This is an early POC to probe the possibility to use tree-sitter to automate vendor migrations. As an example codebase we use exhaustive scenarios of the OpenAI TypeScript SDK and aim to automate the migration of all GPT-3.5 calls to Mistral's SDK.
The goal is that for >80% of cases we can automatically integrate Mistral correctly and for the remaining 20% we can provide a clear and correct todo list for the developer to complete the migration.
The project is in a very, very early stage to find obvious roadblocks early on. See the Development section for more details on this.

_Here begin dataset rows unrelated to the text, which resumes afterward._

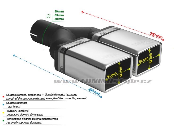 »  Výfukový systém  »  Koncovky  »  Koncovka výfuku dvojitá ULTER SPORT 82x54mm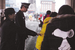 1月31日,一位“红马甲”悄悄地对正在杭州火车站广场值勤的派出所民警说:“那边旅馆门口蹲着的那个白裤子,好像在倒票呢!”民警上前一查,“白裤子”身上果然有一张杭州到重庆的火车票。在派出所,“白裤子”一脸无奈地说,“我已经很小心了,躲到了车站外面,刚倒了一张票,就给你们抓了”。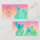 A modern yoga instructor business card with exotic and tropical cacti pattern with hand drawn and hand painted green, blue, turquoise cactus and succulents on a bright and colourful pink and coral watercolor ombre background. A summer design

The repo exposes a CLI to run the parser on a given directoy. To use it on the example codebase, run:
cargo build && target/debug/cmod -p ./examples/openai-starter/src
For a more systematic probing of the functionality, you can run the tests:
cargo test
Note: The example codebase(s) to vendor-integrate are in the
example
directory.
The to-do list to achieve the above stated objective (migrate GPT3.5 to Mistral) is as follows:
- find all target files, i.e. importing 'openai' (see: get_target_files)
- search for all
createCompletion
calls (probably doable) - rewrite to use mistral's version of that (more research needed)
- Investigate how to use tree-sitter to rewrite the AST; check ast-grep
- insert the import statement for mistral sdk file (trivial)
- create mistral sdk file (trivial)
- add mistral as a dependency and prompt to run
npm i
. (trivial)
Finding the target files is rather trivial (excluding extrem edge cases like dynamic imports) and are essentially compiler correct. Core implementation in the parser.rs file via the get_target_files
function.
Once you have the target files, targeting the correct function calls for change like createCompletion
has one additional complexity: you need to resolve by entity from the imported openai
module. This should be achievable via tree-sitters tagging system. This is not implemented yet though. Alternative approaches would be LSP/LSIF or sourcegraph's improvement over LSIF aka. SCIP, which, unlike tree-sitter, were designed for codebase-level (instead of file-level) traversal. However, tree-sitter is significantly faster, efficient, and easier extensible than SCIP/LSIF.
This step is the most uncertain. Not so much if it is doable (liberaries like ast-grep implemented this in a general manner with a <1k LOC) but more so if you try to bend tree-setter too much into doing something that it is not designed for. A lot of inspiration can be taken from other codemod/rewrite tools. For our use-case a declarative API might be sufficient and preferred.
This is trivial stuff and essentially basic codegen (rather than codemod) stuff. For a fully working POC this would be necessary to implement though.